Change of residence to other EU states

If the transfer is to another EU or EEA Member State, you may choose to apply the capital gains in one of these ways:

  1. The capital gain will only have to be an object of self-assessment when within the ten tax years following the last one to be declared for this tax one or more of the following circumstances occur:

    1. That shares or interests be transmitted inter vivos.

    2. That the taxpayer loses the status of resident in a Member State of the European Union or the European Economic Area.

    3. That the communication obligation referred to in letter c) of this section is not fulfilled.

    The capital gain shall be attributed to the last tax period to be declared for this tax and, where applicable, a supplementary self-assessment shall be made, without penalty or interest for late payment or any surcharge.

  2. In the event that the shares or holdings referred to in number 1 a) above are transferred inter vivos within the ten financial years following the change of residence, the amount of the capital gain shall be reduced by the positive difference between the market value of the shares or holdings and their transfer value.

    For these purposes, the transfer value shall be increased by the amount of the profits distributed or of any other payments that have led to a reduction in the net worth of the entity after the loss of taxpayer status, unless such payments have been subject to non-resident income tax.

  3. The taxpayer must notify the tax authorities of the option to apply the special provisions referred to in the previous paragraphs, the capital gain disclosed, the State to which he/she is transferring his/her residence, indicating the address and any subsequent changes, and the continued ownership of the shares or holdings.

  4. If the ten-year period elapses without any of the circumstances referred to in point (a) of this paragraph having arisen, no self-assessment of the gain shall be required.
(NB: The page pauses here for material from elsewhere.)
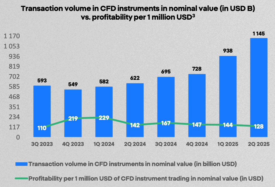 Aktivních klientů je 853 938 a celkový počet klientů přesáhl 1 704 000. Čisté vklady dosáhly 7,24 mld. PLN a objem obchodů v CFD (v lotech) stoupl o 42 % meziročně.

Change of residence to a country or territory considered to be a tax haven

When the change of residence occurs to a country or territory considered a tax haven and the taxpayer does not lose his status according to article 8.2 of the Personal Income Tax Law, the following specialties will apply:

  1. Capital gains will be imputed to the last tax period in which the taxpayer has his habitual residence in Spanish territory , and for its calculation the market value of the shares or interests on the accrual date of said tax period will be taken.

  2. In the event that shares or interests transferred in a tax period in which the taxpayer maintains such status, for the calculation of the capital gain or loss corresponding to the transfer the market value of the shares or interests that would have been taken into account to determine the capital gain provided for in this article will be taken as the acquisition value.

    In the case of taxpayers who have opted for the special tax system applicable to workers posted to Spanish territory, the period of ten tax periods shall begin to run from the first tax period in which the aforementioned special system does not apply.